I've always found myths and urban legends to be both intriguing and annoying. I think they illustrate how for most people the love of a good story overrides the desire to know what actually happens. I'm sure all my myth-telling friends at school found my corrections equally annoying.
So, let's take this oft-repeated chestnut: Eskimos have x words for snow.
Where x is usually a number between a few dozen and a few hundred. The number listed as x in print media has been observed to steadily increase: it was 4 in 1911, 7 in 1940 according to Sapir and Whorf, 50 by 1978, and 100 by 1984, as listed in the The New York Times.
The concept is cited as an example of how the more central something is to a culture, the more words they will have to describe it. Likewise, arrays and patterns of words we use are claimed to influence the speaker's thought patterns, and conceptualization of the word targets. This is known as the Sapir-Whorf Hypothesis, named after the linguists Benjamin Sapir and
The Sapir-Whorf Hypothesis, while having much intuitive appeal, has struggled to find empirical support. However, that is a discussion for another day and with someone who knows more about anthropological linguistics than me. Back to the Eskimo myth.
Deconstructing the myth:
1) There is no single Eskimo language. Wiki lists at least 10. (Also, Eskimo is a very imprecise term.)

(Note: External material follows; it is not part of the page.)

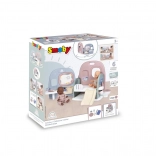 SMOBY BABY CARE est un charmant espace de jeu pour poupées qui offre aux enfants une multitude de scénarios – de l’apprentissage des habitudes d’hygiène au repas et au repos de la poupée. Son agencement pratique et ses nombreux détails favorisent l’autonomie, l’empathie et le développement de la motricité fine.

2) Eskimo languages do have several words for frozen water. But we forget how many English words we have for frozen water: snow, snowflake, snowdrift, blizzard, sleet, hail, rime, frost, ice, iceberg, glacier, flurry, ice water, slush, permafrost, floe, pack ice, ice shelf, and so on.
3) Eskimo languages are polysynthetic. They do not have set, concrete words as in English. Instead, they string morphemes into new words, much like English speakers string together words to make sentences. As an example, the word Aliikusersuillammassuaanerartassagaluarpaalli is Western Greenlandic (classed as 'Eskimos' for our purposes) and means "However, they will say that he is a great entertainer, but ..." (Fortescue, 1983, p. 97) When a language creates new words on the spot, just as we create sentences on the spot, it is rather meaningless to say they have more words for something. Eskimos can create a near-infinite number of words related to snow in precisely the same way English-speakers can create a near-infinite number of sentences about snow. However, if we compare Eskimo's root morphemes for frozen water with English root words for frozen water, we arrive at a similar number of about 30 for each.
In summary: Eskimo languages have a near-infinite number of words for everything. However, the number of root words for snow are similar to the number English speakers use. There is little evidence that linguistic differences have caused Eskimos and English speakers to form qualitatively different conceptualizations of what snow is.